- TASK
At the line that holds "单局时长评价,时间比较短,时", start repeating, and keep going exactly through the final line of the material; include both ends and skip the pictures.

- DATASET CONTENT

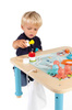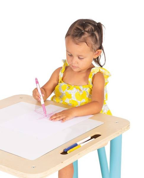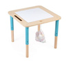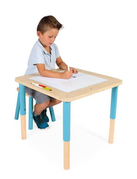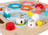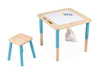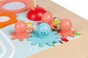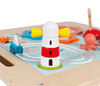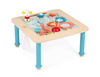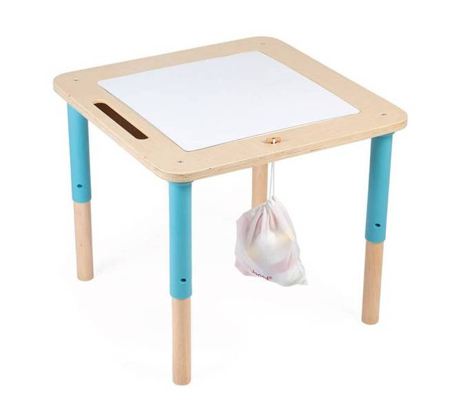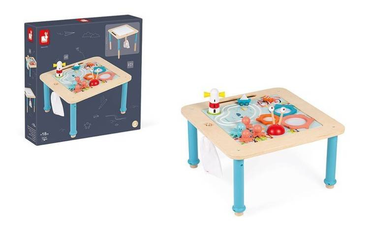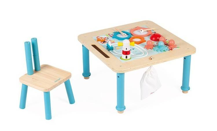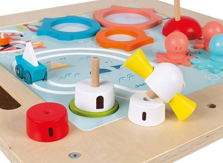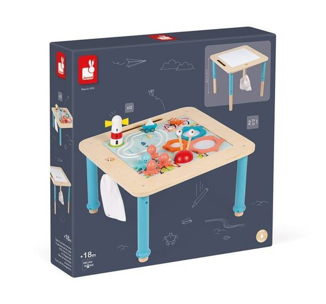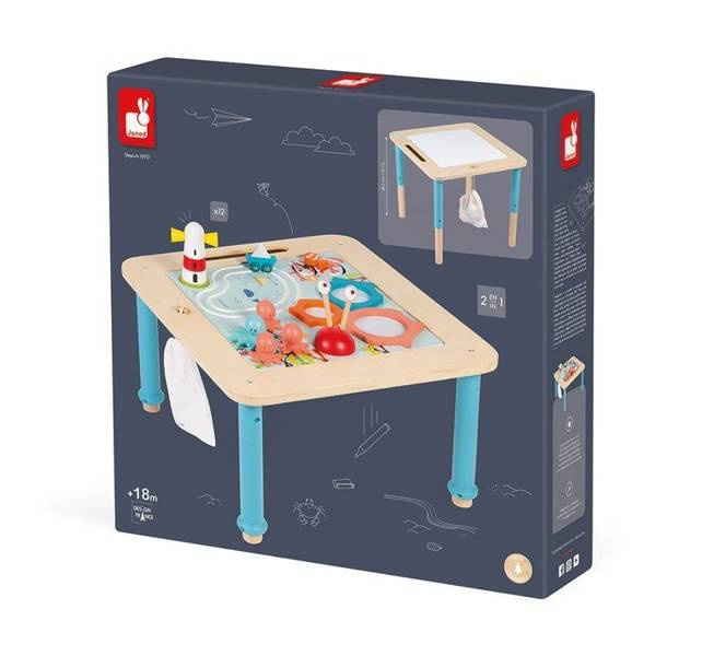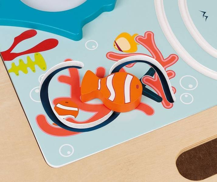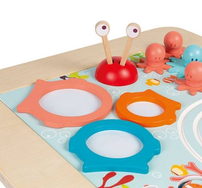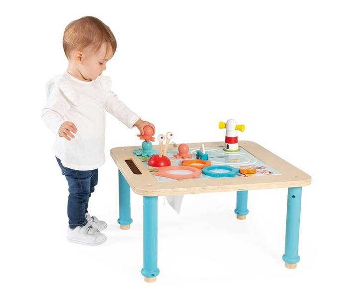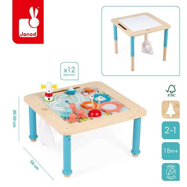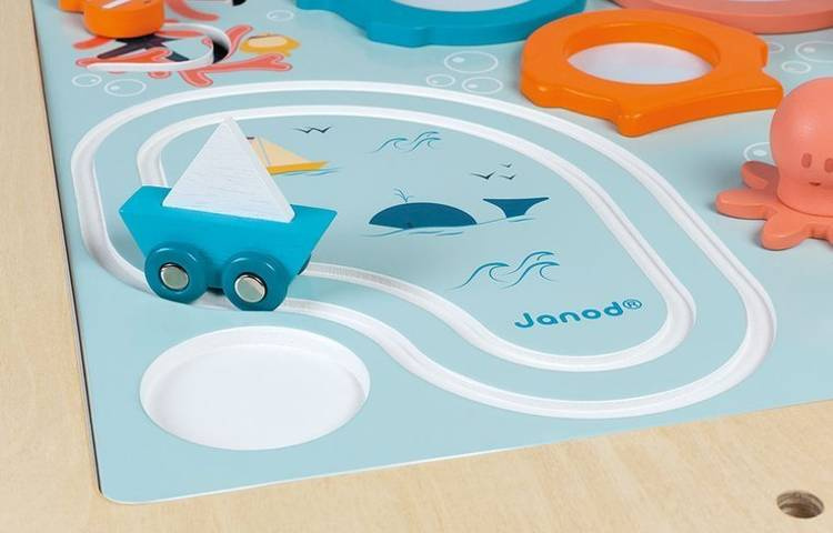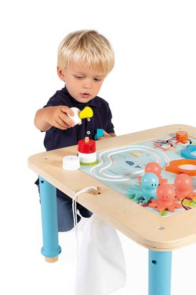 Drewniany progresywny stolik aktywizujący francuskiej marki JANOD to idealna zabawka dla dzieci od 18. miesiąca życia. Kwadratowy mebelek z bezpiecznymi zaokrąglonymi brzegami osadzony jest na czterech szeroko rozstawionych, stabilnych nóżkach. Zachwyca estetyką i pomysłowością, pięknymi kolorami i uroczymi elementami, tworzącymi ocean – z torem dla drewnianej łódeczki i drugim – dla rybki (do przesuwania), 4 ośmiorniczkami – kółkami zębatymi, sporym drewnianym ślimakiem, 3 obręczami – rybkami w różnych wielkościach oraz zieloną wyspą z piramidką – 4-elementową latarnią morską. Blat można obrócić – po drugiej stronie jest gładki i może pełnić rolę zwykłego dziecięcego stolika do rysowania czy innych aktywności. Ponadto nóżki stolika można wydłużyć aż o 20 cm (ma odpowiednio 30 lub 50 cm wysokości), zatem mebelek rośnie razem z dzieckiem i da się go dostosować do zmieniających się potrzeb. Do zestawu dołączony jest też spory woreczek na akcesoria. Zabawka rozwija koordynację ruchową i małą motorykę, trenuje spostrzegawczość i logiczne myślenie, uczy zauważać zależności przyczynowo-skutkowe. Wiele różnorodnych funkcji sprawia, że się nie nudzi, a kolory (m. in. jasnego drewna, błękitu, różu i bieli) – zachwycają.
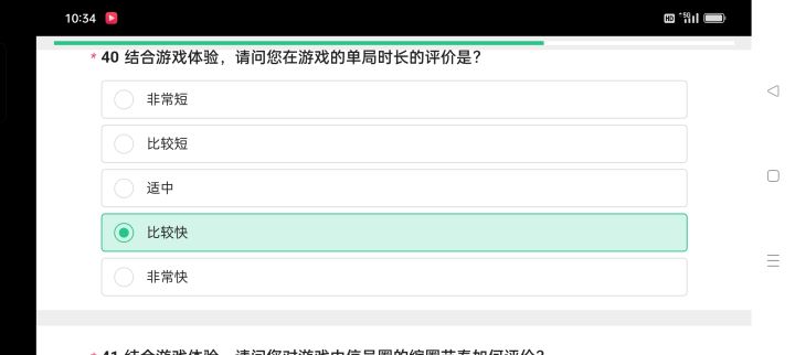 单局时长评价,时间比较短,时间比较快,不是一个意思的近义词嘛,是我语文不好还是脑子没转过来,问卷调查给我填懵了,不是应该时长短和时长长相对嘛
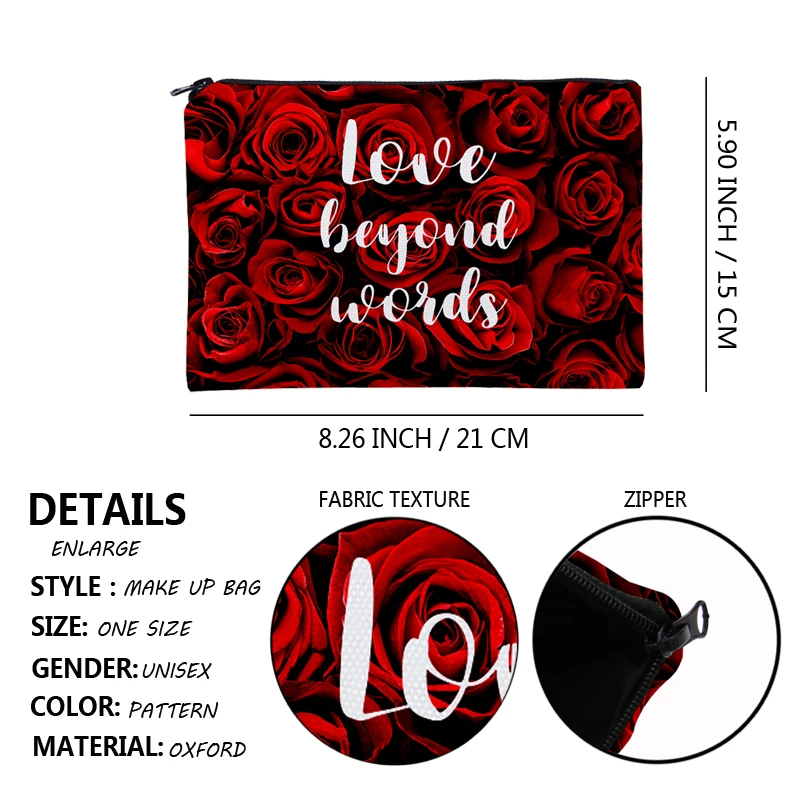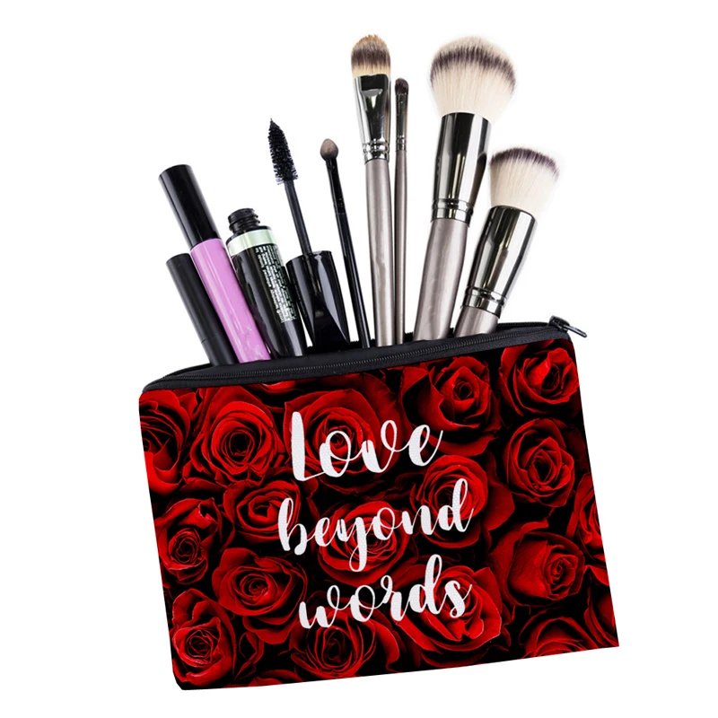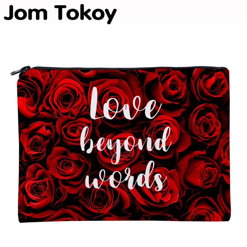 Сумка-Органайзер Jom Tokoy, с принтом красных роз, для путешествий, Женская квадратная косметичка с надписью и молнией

- RESPONSE TO THIS TASK
 单局时长评价,时间比较短,时间比较快,不是一个意思的近义词嘛,是我语文不好还是脑子没转过来,问卷调查给我填懵了,不是应该时长短和时长长相对嘛
 Сумка-Органайзер Jom Tokoy, с принтом красных роз, для путешествий, Женская квадратная косметичка с надписью и молнией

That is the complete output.